Empat poin tersebut kalau disistemasi dengan bagus, maka bisnis bisa berjalan tanpa Anda. So, buat Anda yang ingin punya sistem kelas dunia, saya akan share point penting tentang sistemasi di bagian SALES & MARKETING.

1# Sistemasi Pendekatan Kepada Customer

Langkah pertama untuk mensistemasi divisi marketing adalah Anda harus mensistemasi model pendekatan kepada customer. Ada bisnis-bisnis yang cara mendekati customernya itu bisa dengan cara informal. Ada pula bisnis-bisnis untuk mendekati customer harus dengan cara yang sangat formal.

Nah, bisnis Anda modelnya itu seperti apa?

Kalau bisnisnya adalah perbankan, bisa jadi pendekatanya harus semi-semi formal, kalau Anda di bisnis perhotelan itu harus sangat formal, sedangkan kalau Anda di bisnis multifinance, menjual motor bekas, atau Agribisnis, kemudian pendekatanya itu terlalu formal, maka bisa jadi Anda akan ditinggalkan customer. So, ada beberapa bisnis yang pendekatanya tidak boleh terlalu formal.

Jadi, dalam bisnis bagaimana cara Anda melakukan standar pendekatan kepada customer. Ini artinya Anda juga harus mengerti; siapa customer Anda, apa yang mereka beli, dan apa harapan customer.

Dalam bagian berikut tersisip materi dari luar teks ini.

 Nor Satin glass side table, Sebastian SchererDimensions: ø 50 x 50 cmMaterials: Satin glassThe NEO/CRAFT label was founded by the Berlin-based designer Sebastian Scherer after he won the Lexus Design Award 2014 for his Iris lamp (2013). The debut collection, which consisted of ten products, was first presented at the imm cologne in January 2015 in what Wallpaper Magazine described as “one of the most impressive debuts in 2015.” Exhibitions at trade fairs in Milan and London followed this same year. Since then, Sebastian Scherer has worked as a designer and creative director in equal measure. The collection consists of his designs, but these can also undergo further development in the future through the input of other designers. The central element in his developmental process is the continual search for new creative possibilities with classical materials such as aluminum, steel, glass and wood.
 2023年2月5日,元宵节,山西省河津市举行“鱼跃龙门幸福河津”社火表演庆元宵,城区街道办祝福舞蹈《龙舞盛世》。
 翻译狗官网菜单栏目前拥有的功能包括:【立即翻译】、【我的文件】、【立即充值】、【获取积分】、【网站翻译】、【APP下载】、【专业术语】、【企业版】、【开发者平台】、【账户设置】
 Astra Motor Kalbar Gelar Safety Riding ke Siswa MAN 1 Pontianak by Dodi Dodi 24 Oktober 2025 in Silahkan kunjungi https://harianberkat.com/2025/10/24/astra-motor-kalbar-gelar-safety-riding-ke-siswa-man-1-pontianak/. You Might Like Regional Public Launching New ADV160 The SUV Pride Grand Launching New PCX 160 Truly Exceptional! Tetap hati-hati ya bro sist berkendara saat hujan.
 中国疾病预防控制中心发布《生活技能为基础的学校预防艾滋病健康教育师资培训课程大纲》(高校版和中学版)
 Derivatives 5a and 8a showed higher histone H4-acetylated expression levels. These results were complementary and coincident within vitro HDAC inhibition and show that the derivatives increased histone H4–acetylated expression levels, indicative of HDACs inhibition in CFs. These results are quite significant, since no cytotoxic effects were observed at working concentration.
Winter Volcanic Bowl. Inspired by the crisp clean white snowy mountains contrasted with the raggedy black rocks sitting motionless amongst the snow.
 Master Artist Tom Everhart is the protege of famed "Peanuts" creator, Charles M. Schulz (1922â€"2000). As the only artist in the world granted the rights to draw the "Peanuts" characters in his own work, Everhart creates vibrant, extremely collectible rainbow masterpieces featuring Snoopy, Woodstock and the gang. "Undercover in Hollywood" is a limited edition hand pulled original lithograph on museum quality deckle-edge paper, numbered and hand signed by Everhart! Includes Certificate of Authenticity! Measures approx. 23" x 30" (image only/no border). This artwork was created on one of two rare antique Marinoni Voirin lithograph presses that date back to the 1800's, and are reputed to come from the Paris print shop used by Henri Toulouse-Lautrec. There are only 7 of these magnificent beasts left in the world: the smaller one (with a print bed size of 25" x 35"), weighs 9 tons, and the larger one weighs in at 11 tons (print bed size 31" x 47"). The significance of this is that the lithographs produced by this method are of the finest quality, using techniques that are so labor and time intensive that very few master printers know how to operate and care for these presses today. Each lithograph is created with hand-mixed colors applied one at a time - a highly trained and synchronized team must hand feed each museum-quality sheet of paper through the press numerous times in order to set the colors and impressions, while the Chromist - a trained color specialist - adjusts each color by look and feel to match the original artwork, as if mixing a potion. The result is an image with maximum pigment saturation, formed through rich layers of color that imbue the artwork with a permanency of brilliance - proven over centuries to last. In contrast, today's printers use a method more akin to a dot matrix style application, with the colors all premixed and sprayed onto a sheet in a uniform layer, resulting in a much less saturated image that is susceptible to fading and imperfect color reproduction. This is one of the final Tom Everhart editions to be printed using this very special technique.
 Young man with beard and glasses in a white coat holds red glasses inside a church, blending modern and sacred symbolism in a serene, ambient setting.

2# Sistemasi Waktu Follow -Up

Biasanya kalau Anda punya marketing Anda langsung suruh jualan, lalu kemudian difollow-up sesuka hati sales atau orang marketing Anda. Dalam hal ini, saya tidak pisahkan antara marketing dan selling karena banyak orang yang kecampur-campur. Pada dasarnya marketing adalah bagaimana caranya mendatangkan prospek. Kalau sales adalah bagaimana caranya membuat prospek menjadi customer.

Jadi, sistem yang kedua yang harus Anda buat adalah membuat follow-up itu distandarkan pada waktunya. Bukan berapa lama harus difollow-up, tapi kapan sebaiknya Anda melakukan follow-up kepada customer.

Ada satu cerita menarik di sebuah perusahaan di bagian collector; menagih customer. Ketika mereka melakukan penagihan di siang hari, ternyata tidak pernah efektif. Kenapa? Karena orang yang bekerja, di siang hari tidak ada di rumah.

Sementara pada saat melakukan kredit, tanda tanganya dengan memberikan alamat rumah, bukan alamat kantor. Jadi, ketika difollow-up di rumah, orang itu tidak ada di tempat. Namun, ketika metodenya dirubah; jamnya lebih pagi, followup-nya di waktu kantor atau jam kerja, maka follow-up menjadi lebih efektif.

So, yang pertama tadi adalah Anda harus menstandarkan cara pendekatan kepada konsumen. Dan yang kedua adalah Anda harus menstandarkan waktu dan timing, Anda harus melakukan follow up itu kapan?

3# Sistemasi Untuk Menyiapkan Customer yang Belum Siap Membeli

Apa yang harus dilakukan untuk orang yang belum siap membeli. Jadi, orang yang jualan tidak selalu datang, kemudian langsung prospek. Belum tentu. Betul?

Bisa jadi pada saat Anda datang, dia belum siap untuk membeli. Pertanyaanya adalah apa standar Anda untuk orang-orang yang belum siap membeli?

Let’s say misalnya, kalau saya bekerja di dunia travel, untuk orang-orang yang belum siap membeli, saya akan mengirimkan informasi. Informasinya ada banyak, misal ada booklet. Kemudian kalau kita tanya, “Ibu, tahun ini mau liburan kemana?” dia menjawab, “Wah.. saya belum tahu”.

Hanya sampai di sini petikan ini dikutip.